El recuerdo se diluye. La mente no es fiel. No es fija. Algunas imágenes aluden al saqueo que intentaron en la isla de Santa Cruz de Tenerife, «aquel maldito día de julio», cuando perdió el brazo. Un año después, en 1798, su buque dio una lección a la flota de Napoleón en la Bahía de Abukir.

Ya pudo el tullido colocar su mano izquierda en la nariz. Este es un olor de semen, recién expulso. Sonríe. Algo en su genitales es delicioso. Siente que se viene, con una abundancia juvenil, de macho primerizo. Olor a lujuria, a grajo de criaturas quemadas de sol y deseo. Por horas y horas, los esclavos han estado fornicando a las niñas de Bretaña y sus tropas, con espadas desenvainadas, los sorprendieron en el acto.

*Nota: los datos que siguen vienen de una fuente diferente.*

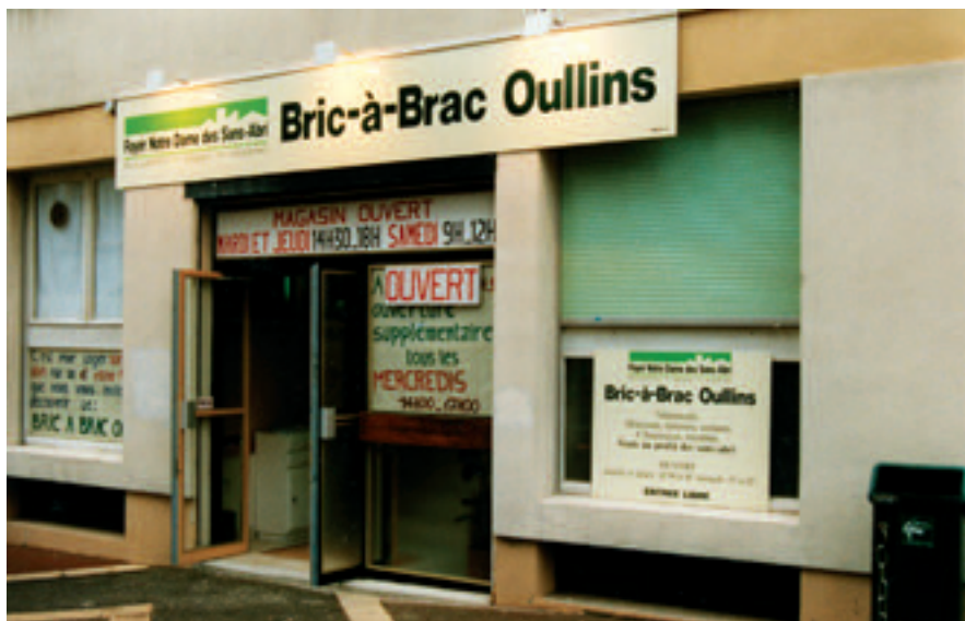
1996 - OUVERTURE DU BRIC A BRAC D'OULLINS

- Organisation de la première « Marche de la Solidarité » .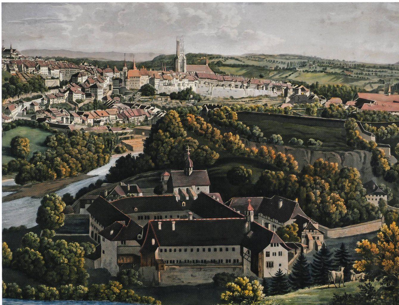
Fig. 2 Vue sur l'abbaye de la Maigrange, au premier plan, et la ville de Fribourg vers 1830, extrait d'une lithographie de Joseph Kappeler

fois transformée, reste à établir par des datations dendrochronologiques 6 , mais il est probable que des édicules-latrines, voire des galeries, y ont été ancrés dès les années 1660.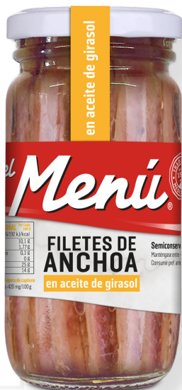
ref. 3022 ANXOVA DEL CANTABRIC OLIVIA EL MENÚ 125gr x 12u (10-12 filets).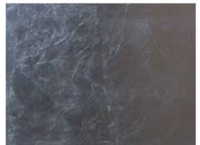
FOGLIA ARGENTO COD. F-AR

This sample collection is to be considered indicative. Wood is a natural material and may have differences in colours.

«Este es el momento de guerra, ¡a matar, a matar! Y después, disfruten de esas hembras, aunque sean inglesas, o nicas… hasta que haya nuevas instrucciones de Londres», instruyeron.

En medio de esta mortandad, las mujeres gimen. Las adolescentes y las niñas asustadas se guardan unas a las otras; no quieren ser estranguladas por sus protectores negros. No es bueno confiarse en ninguno. No quieren que se acerque ningún varón a ellas con el pene extendido y los calzones bajos. La traición duele más que la vergüeza. Sin embargo, ellos (blancos, negros, nicas) desgarraron sus ropas, las despojaron de sus faldochones; sacaron del escote, sus palomas. Se han mamado sus pezones y, en sus culos rosados, han metido sendos pulgadones de maciza. Se han derramado encima de sus labios, sus ombligos y sus nalgas; se han turnado en ultrajar a las más hermosas, unos y otros. Ellas maldicen a los varones del Castillo.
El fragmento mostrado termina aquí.